I would like to read the a CSV into R that is quoted, comma-separated (i.e. sep = ","
not sep = ";"
as read.csv2
defaults to) but that
- uses the comma inside fields as the decimal separator
- contains periods to separate each group of three digits from the right
An example of a problematic entry is "3.051,00"

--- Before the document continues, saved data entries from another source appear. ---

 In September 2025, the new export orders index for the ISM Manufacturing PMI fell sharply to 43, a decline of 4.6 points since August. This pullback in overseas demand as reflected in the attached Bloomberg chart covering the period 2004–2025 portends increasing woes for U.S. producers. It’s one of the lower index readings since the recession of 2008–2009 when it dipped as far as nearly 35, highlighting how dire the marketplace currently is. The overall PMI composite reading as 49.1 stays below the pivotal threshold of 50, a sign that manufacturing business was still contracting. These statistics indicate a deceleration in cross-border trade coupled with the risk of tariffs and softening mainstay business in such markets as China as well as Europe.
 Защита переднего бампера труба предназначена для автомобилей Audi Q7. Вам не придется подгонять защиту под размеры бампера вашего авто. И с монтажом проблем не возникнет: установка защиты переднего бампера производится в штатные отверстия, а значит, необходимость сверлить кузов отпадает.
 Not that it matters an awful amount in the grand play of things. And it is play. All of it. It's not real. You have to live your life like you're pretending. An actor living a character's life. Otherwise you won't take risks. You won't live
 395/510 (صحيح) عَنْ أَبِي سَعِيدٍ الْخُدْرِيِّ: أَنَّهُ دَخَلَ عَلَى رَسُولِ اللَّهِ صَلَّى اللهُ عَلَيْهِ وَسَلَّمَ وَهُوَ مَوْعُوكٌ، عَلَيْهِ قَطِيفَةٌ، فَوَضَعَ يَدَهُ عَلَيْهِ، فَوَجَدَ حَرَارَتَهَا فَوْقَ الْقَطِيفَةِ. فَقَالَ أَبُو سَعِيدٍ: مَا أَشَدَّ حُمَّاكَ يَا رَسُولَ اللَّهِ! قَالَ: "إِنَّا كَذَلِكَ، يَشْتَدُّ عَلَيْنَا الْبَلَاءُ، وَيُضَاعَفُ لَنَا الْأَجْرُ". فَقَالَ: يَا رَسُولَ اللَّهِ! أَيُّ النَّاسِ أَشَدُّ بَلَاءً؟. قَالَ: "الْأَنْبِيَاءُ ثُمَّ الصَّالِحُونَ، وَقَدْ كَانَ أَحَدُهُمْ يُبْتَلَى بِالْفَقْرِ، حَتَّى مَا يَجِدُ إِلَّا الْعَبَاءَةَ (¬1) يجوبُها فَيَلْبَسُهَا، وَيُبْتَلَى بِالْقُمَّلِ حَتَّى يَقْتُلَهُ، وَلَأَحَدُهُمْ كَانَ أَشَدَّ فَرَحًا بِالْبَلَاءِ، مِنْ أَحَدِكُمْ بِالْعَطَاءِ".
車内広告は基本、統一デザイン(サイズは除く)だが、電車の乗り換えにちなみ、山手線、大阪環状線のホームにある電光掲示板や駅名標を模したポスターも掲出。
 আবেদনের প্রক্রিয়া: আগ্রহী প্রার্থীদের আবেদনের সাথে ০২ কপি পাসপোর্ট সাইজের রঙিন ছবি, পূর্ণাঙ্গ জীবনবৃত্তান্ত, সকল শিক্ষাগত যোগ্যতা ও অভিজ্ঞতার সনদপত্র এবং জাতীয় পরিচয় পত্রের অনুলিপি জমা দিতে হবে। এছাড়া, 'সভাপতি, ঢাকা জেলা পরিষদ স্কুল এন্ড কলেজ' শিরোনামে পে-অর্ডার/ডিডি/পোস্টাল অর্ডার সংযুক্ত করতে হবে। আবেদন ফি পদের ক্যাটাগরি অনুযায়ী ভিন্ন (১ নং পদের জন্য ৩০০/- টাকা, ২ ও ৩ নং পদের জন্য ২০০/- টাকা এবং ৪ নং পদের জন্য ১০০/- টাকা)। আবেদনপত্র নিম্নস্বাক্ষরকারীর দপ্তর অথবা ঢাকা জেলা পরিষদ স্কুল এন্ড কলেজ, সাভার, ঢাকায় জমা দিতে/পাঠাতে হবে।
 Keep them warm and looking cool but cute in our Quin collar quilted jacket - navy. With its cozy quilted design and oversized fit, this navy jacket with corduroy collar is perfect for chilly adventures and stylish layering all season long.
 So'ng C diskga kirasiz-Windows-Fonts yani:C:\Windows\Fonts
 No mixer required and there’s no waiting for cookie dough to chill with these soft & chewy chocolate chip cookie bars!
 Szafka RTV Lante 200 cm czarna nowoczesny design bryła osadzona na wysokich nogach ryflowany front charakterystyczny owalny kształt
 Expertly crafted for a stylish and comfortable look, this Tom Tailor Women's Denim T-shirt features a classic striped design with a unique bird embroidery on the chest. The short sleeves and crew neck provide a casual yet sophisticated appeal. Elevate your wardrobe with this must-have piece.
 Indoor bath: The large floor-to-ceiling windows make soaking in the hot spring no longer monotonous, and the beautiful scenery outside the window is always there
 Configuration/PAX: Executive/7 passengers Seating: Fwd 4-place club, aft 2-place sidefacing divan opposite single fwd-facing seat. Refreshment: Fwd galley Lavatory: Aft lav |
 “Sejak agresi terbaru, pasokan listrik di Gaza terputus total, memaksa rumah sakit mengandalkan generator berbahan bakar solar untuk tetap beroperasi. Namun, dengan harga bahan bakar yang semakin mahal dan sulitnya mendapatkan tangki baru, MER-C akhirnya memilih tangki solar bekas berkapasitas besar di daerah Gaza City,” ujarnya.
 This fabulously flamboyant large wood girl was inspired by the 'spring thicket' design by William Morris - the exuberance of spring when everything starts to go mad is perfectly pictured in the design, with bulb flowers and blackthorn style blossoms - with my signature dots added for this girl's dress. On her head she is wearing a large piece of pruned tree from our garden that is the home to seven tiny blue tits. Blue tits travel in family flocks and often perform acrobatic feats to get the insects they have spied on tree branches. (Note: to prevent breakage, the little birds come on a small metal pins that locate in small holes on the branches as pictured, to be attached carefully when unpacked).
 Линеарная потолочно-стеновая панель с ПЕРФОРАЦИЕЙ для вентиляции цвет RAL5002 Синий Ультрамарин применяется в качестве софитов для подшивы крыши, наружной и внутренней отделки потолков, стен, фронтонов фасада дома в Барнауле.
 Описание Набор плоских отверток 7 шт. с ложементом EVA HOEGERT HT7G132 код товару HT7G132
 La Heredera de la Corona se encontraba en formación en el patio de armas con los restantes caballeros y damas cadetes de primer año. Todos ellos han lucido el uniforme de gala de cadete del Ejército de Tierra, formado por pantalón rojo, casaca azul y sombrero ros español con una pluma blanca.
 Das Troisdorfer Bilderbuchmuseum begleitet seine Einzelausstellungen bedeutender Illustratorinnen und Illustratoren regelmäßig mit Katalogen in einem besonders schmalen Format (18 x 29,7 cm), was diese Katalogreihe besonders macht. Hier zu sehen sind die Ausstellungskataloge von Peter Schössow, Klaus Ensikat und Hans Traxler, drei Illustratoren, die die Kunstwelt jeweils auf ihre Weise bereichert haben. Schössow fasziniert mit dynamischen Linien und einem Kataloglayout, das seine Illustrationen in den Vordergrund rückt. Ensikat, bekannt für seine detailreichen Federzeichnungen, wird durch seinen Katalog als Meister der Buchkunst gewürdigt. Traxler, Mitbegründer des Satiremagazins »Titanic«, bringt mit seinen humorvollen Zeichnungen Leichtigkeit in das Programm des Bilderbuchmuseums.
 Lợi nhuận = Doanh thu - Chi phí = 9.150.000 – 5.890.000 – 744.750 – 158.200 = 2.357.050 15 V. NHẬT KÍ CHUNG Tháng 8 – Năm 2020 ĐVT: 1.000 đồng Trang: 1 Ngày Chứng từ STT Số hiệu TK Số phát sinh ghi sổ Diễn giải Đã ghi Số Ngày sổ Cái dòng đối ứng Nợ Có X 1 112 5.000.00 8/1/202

in the final line of the excerpt from the CSV shown.
I tried
dat <- read.csv2("path_to_csv.csv", sep = ",", stringsAsFactors = FALSE)
and a variant using read.csv
(both are identical except for their defaults as noted in Difference between read.csv() and read.csv2() in R. Both return improperly-formatted data.frame
s (e.g. containing 3.051,00
).
Can I read this comma-separated file in directly with read.table
without having to perform text-preprocessing?
Excerpt of CSV
praf,pmek,plcg,PIP2,PIP3,p44/42,pakts473,PKA,PKC,P38,pjnk
"26,40","13,20","8,82","18,30","58,80","6,61","17,00","414,00","17,00","44,90","40,00"
"35,90","16,50","12,30","16,80","8,13","18,60","32,50","352,00","3,37","16,50","61,50"
"59,40","44,10","14,60","10,20","13,00","14,90","32,50","403,00","11,40","31,90","19,50"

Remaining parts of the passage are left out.